After months of pressure, the Garden City Community College Board of Trustees on Tuesday night approved a motion to seek outside counsel that will open an investigation into the death of Braeden Bradforth, a GCCC football player who died of heat stroke during an August 2018 football practice.

The board unanimously approved the motion, which gives GCCC President Ryan Ruda and GCCC attorney Randy Grisell authorization to enter negotiations to retain outside counsel and an independent expert for the investigation, which is not to exceed $100,000 in expenditures.

Ruda said much of the timeline moving forward is undetermined, but he hopes to provide the board a recommendation for an investigator soon. He said administration has not yet made any limitations to investigators they may consider, such as in or out of state.

The investigation will have a similar scope of the college’s internal review of Bradforth’s death, including related college policies, processes and procedures, but from an external perspective, Ruda said.

“This is just the next step and what it is that needs to be done. We’re following what we think is the right method and the right mode or how it is that we need to continue to be able to provide the necessary information,” Ruda said.

Bradforth died shortly after a practice on Aug. 1, 2018. He was found unconscious by teammates outside of the GCCC dorms sometime after a team meeting that began after practice had ended around 9:15 p.m., according to both a summary of an internal review conducted by GCCC and medical documents. Bradforth had not attended the meeting.

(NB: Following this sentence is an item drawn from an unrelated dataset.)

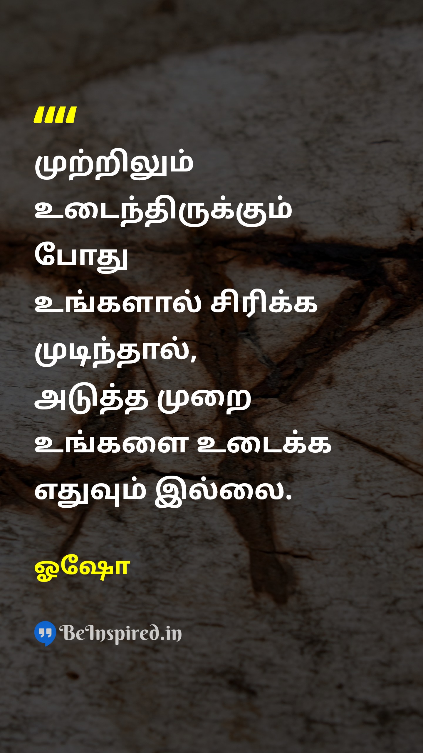 முற்றிலும் உடைந்திருக்கும் போது உங்களால் சிரிக்க முடிந்தால், அடுத்த முறை உங்களை உடைக்க எதுவும் இல்லை.

Emergency medical services was dispatched at 10:04 p.m. that night, and Bradforth was transported to St. Catherine Hospital, where he was pronounced dead at 11:06 p.m.

An autopsy ruled that Bradforth had died of exertional heat stroke, a condition a former team physician for the University of Oklahoma, Randy Richner, has said is preventable and treatable, and “should never” lead to the death of an athlete.

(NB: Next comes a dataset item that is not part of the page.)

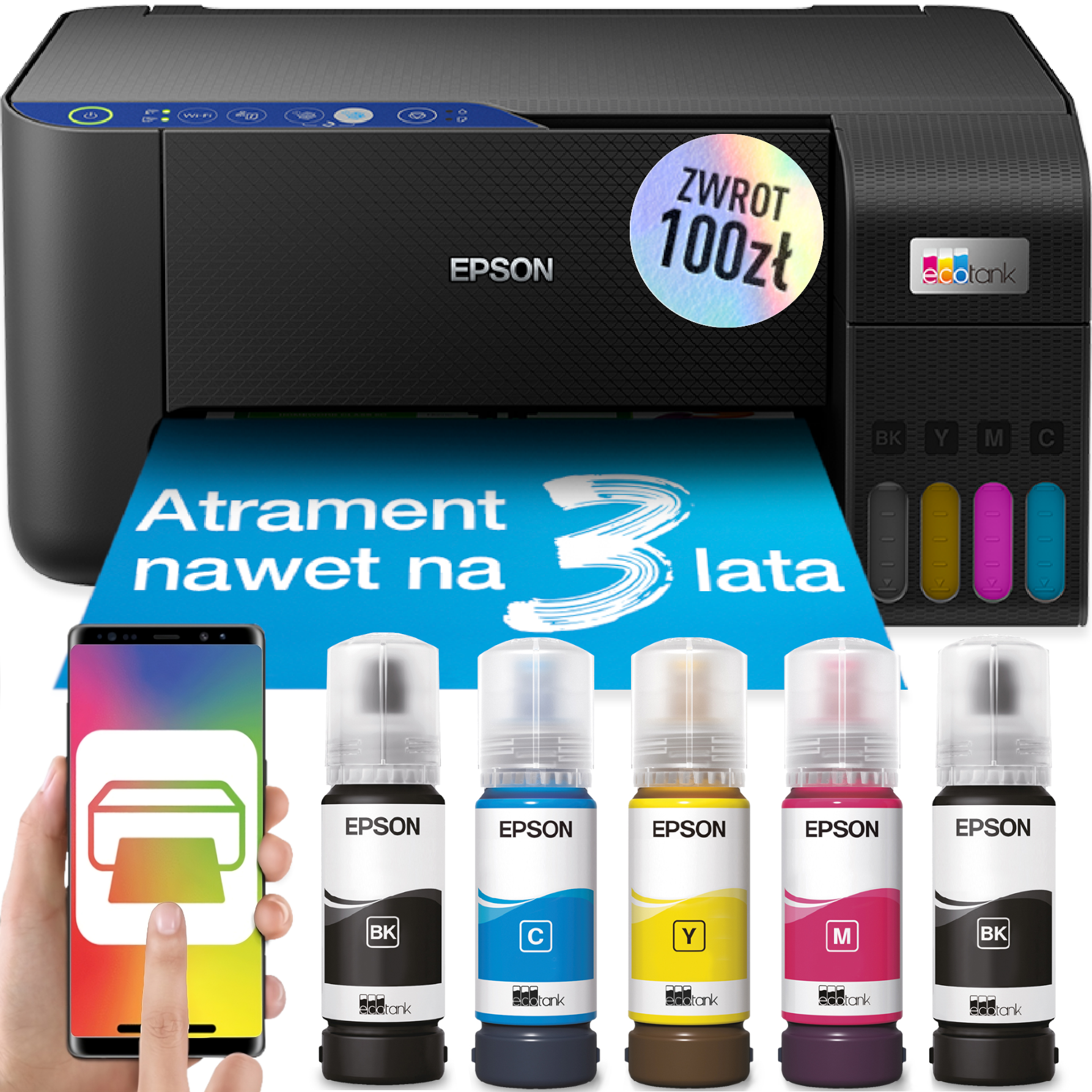 Urządzenie 3w1 (drukarka, skaner, kopiarka), nowa generacja napełniania atramentu (bez rozlewania i bałaganu), zapas atramentu na 3 lata (8100 stron czarnych i 6500 w kolorze), łącznośc WIFI system stałego zasilania w atrament, niezawodna głowica MicroPiezo, jedno z najmniejszych urządzeń w segmencie EcoTank.

Bradforth’s mother, Joanne Atkins-Ingram, and her lawyer, Jill Greene, have asked GCCC to commission an independent review since the completion of the autopsy in November 2018.

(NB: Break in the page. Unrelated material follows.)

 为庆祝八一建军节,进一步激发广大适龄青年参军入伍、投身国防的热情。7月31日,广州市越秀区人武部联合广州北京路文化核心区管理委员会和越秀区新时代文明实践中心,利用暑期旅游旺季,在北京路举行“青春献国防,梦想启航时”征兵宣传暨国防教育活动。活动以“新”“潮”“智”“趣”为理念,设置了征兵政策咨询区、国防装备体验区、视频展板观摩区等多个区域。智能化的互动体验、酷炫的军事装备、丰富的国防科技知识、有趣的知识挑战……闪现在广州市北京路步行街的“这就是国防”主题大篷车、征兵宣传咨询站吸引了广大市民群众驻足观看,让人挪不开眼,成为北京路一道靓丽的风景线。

“This is certainly a long time coming. I’m very excited to hear the college is doing the right thing, finally," Greene said Tuesday night. "I’ll remain positive that we’ll finally get the answers we’ve been looking for.”

U.S. Congressman Chris Smith (R-N.J.) also penned several letters to GCCC asking for an independent investigation.

“We need to know how Braeden died so that we can help prevent these senseless tragedies from happening again,” Smith said in a recent press release. “An independent investigation will uncover valuable information about how Braeden’s heat stroke was addressed or treated, and what could be done in the future to prevent this from happening to other young athletes.”

 

Sports Writer J. Levi Burnfin contributed to this story.